Re: Moving SweetSpotSimilarity out of contrib

2008-09-03 Thread Nadav Har'El

On Tue, Sep 02, 2008, Chris Hostetter wrote about "Re: Moving 
SweetSpotSimilarity out of contrib":
> 
> : >From a legal standpoint, whenever we need to use open-source code, somebody
> : has to inspect the code and 'approve' it. This inspection makes sure there's
> : no use of 3rd party libraries, to which we'd need to get open-source
> : clearance as well.
> 
> You should talk to whomever you need to talk to at your company about 
> revising the appraoch you are taking -- the core vs contrib distinction in 
> Lucene-Java is one of our own making that is completly artificial.  With 
> Lucene 2.4 we could decide to split what is currently known as the "core" 
> into 27 different directories, none of which are called core, and all of 
> which have an interdependency on eachother.  We're not likely to, but we 
> could -- and then where woud your company be?

I can't really defend the lawyers (sometimes you get the feeling that they
are out to slow you down, rather than help you :( ), but let me try to explain
where this sort of thinking comes from, because I think it is actually quite
common.

Lucene makes the claim that it has the "apache license", so that any company
can (to make a long story short) use this code.
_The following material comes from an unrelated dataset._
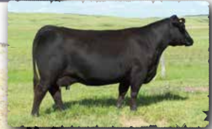
PANSY OF PEAK DOT 904U
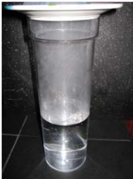
Basic equipment setup

3. Explain to students that they will be investigating the formation of clouds by creating clouds in plastic containers. Model the equipment setup for this activity by placing a tall container half-full of hot water in front of the class. Light a match and drop it into the hot water. Be sure to hold the lit match inside the container for at least 5 seconds before dropping it into the water so that a significant amount of particulate matter accumulates inside the container. Cover the container with a dish of ice, as shown below:

But when a company sets out
to use Lucene, can it take this claim at face value? After all, what happens
if somebody steals some proprietary code and puts it up on the web claiming it
has the apache license - does it give the users of that stolen code any
rights? Of course not, because the rights weren't the distributor's to give
out in the first place.

So it is quite natural that when a company wants to use use some open-source
code it doesn't take the license at face value, and rather does some "due
diligance" to verify that the people who published this code really owned
the rights to it. E.g., the company lawyers might want to do some background
checks on the committers, look at the project's history (e.g., that it doesn't
have some "out of the blue" donations from vague sources), check the code and
comments for suspicious strings, patterns, and so on.
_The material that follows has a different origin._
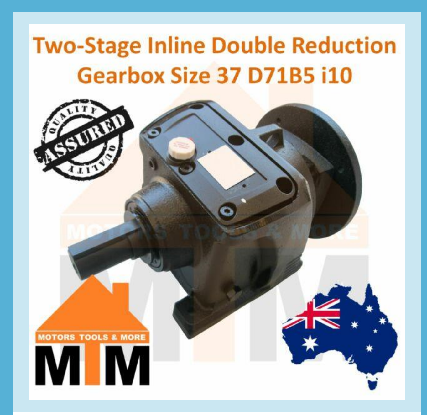
Type 2R37 Gearbox Helical Inline Gearbox Reducer i10 D71B5 Ratio 1:10 Reduction

When you need to inspect the code, naturally you need to decide what you
inspect. This particular company chose to inspect only the Lucene core,
perhaps because it is smaller, has fewer contributors, and has the vast
majority of what most Lucene users need. Inspecting all the contrib - with
all its foreign language analyzers, stuff like gdata and other rarely used
stuff - may be too hard for them. But then, the question I would ask is -
why not inspect the core *and* the few contribs that interest you? For
example, SweetSpotSimilarity (which you need) and other generally useful
stuff like Highlighter and SnowballAnalyzer.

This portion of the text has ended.